Antibodies SF5 and SF12 Bind a Distinct Epitope on the gp120 Portion of Env
(A) ELISA of SF5 and SF12 against a gp120 monomer and a gp140 foldon trimer derived from HIV-1 strain YU2. Wild-type proteins and various site mutants of the proteins in common bNAb epitopes (CD4-binding site, V3-glycan, Apex) were tested. Triple mutant = N160K, A281T + D368K, N332K. Data representative of 3 repeat assays.
(B) ELISA of SF5 and SF12 as well as reference bNAbs targeting 6 known epitopes against the BG505.SOSIP.664 trimer. Data representative of 3 repeat assays.
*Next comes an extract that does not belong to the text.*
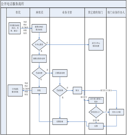后臺處理座席員根據(jù)業(yè)務(wù)知識、資料庫和管理職責(zé)為市民服務(wù),如果不能處理,將請求提交相關(guān)政府部門并限時(shí)處理;
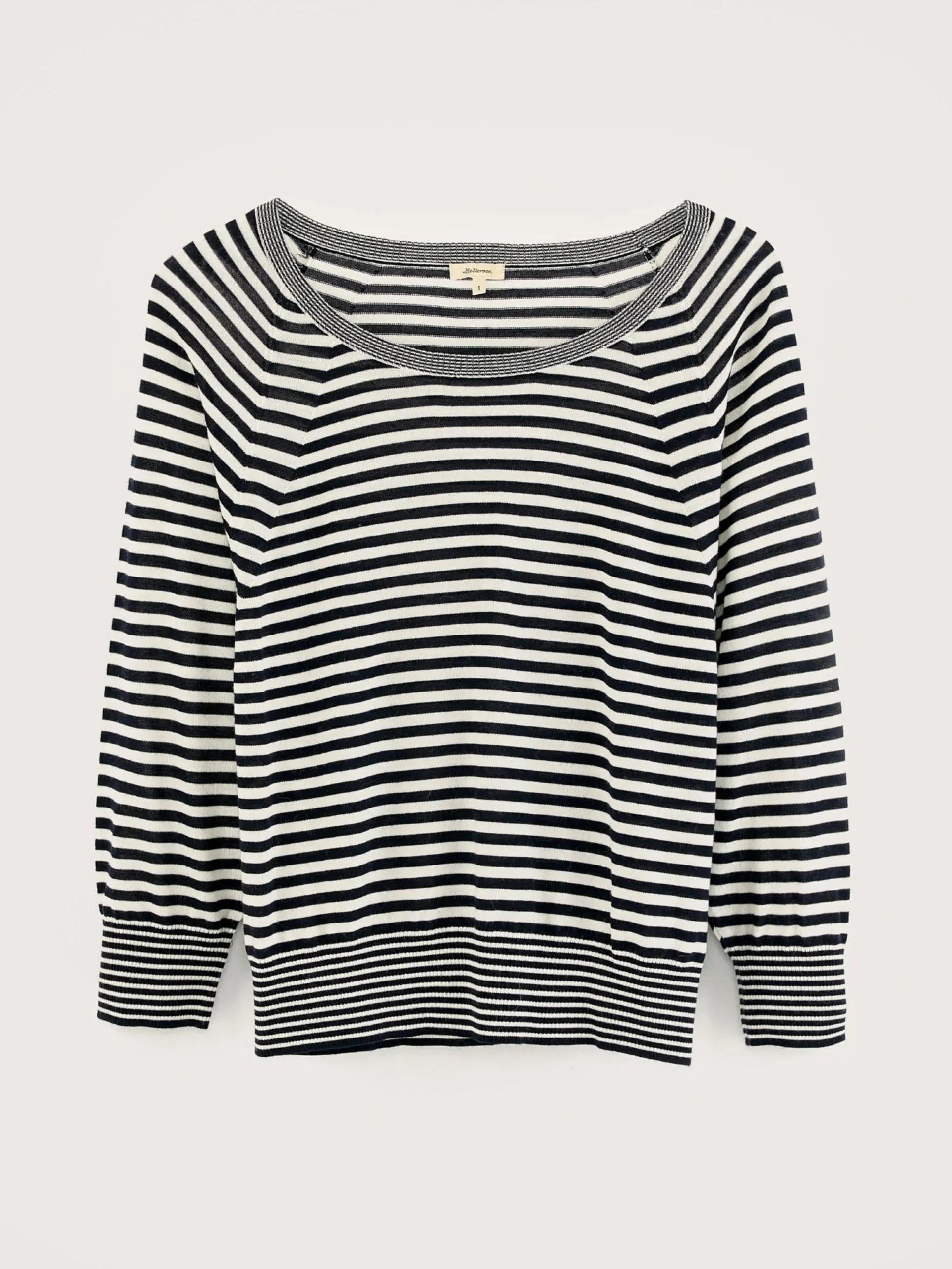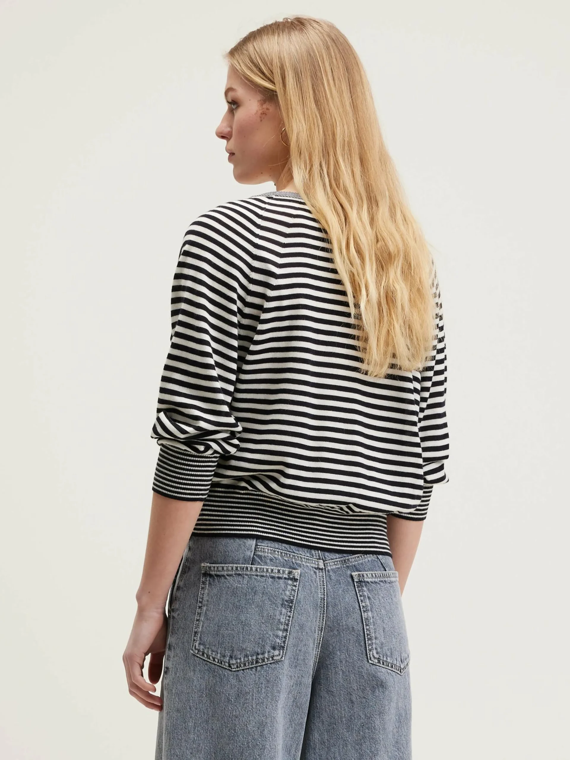Sweater met sweatshirtlook, van gestreepte merinowol.

(C) Competition ELISA with reference bNAbs targeting 6 known epitopes to evaluate interference with SF5 and SF12 binding to the BG505.SOSIP.664 trimer. Competing antibodies were added in a dilution series starting at 32 μg/mL. SF5 and SF12 were added at a constant concentration of 0.5 μg/mL. Data representative of 3 repeat assays.
(D) Neutralization testing of SF12 against a panel of YU2 site mutants covering major epitopes on the HIV-1 spike. Neutralization testing performed in duplicates, average curves shown.
(E) Computational analysis of 119-virus cross clade panel neutralization.
(F) Neutralization testing of SF5 and SF12 against an HIV-1 pseudovirus based on strain YU2 carrying a mutation at the PNGS N448gp120. Testing done in duplicates, average shown.